- _GOAL OF THE EXERCISE_: The reply should consist solely of the lines from the one that holds "An undated planner" through the last line of the material, reproduced exactly; no pictures belong in it.

- _INPUT DATA_:
= = =

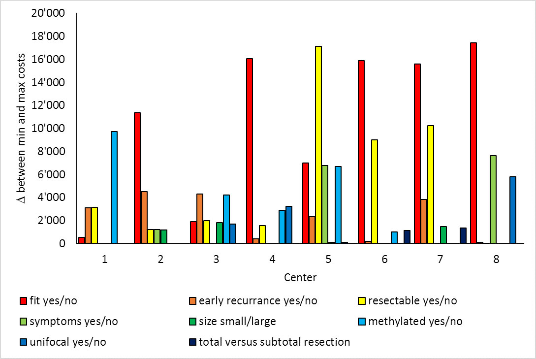 Although there are very limited comparative outcome data for the available therapies in recurrent GBM [6], we found considerable cost differences among these treatment options in Switzerland (see table 1). In the base case scenario, treatment costs varied between the centres by a factor of 1.6 from CHF 13,748 to CHF 22,072 (approximately USD 13,760 to 22,090 in May 2018) depending on the individual treatment algorithm.
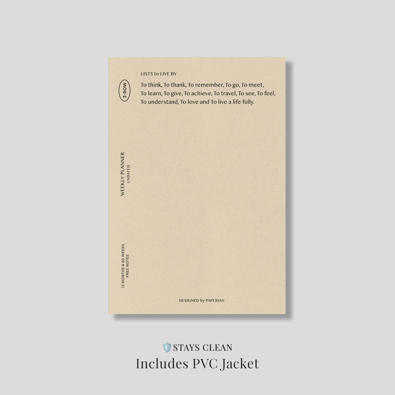 An undated planner designed to help you reflect, act, and live with intention — by organizing your days through meaningful lists and structured planning.
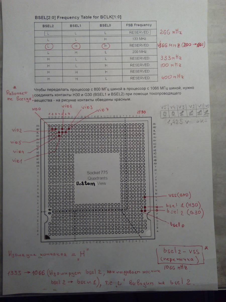 BSEL как и VID можно выполнять разными токопроводящими материалами, такими как фольга, токопроводящий клей или просто паяльник и припой. Я использовал фольгу и белый скотч для изоляции. Не буду томить длительным рассказом, вот фото VID мода на 1,425v (BSEL на 1066 MHz не показан - нужно перебросить H30 и G30). Процессор запустился и работал, но из-за перегрева убогой VRM материнской платы стабильности достичь не удалось, тепловыделение при этом было лютым.

= = =

- _EXERCISE SOLUTION_:
 An undated planner designed to help you reflect, act, and live with intention — by organizing your days through meaningful lists and structured planning.
 BSEL как и VID можно выполнять разными токопроводящими материалами, такими как фольга, токопроводящий клей или просто паяльник и припой. Я использовал фольгу и белый скотч для изоляции. Не буду томить длительным рассказом, вот фото VID мода на 1,425v (BSEL на 1066 MHz не показан - нужно перебросить H30 и G30). Процессор запустился и работал, но из-за перегрева убогой VRM материнской платы стабильности достичь не удалось, тепловыделение при этом было лютым.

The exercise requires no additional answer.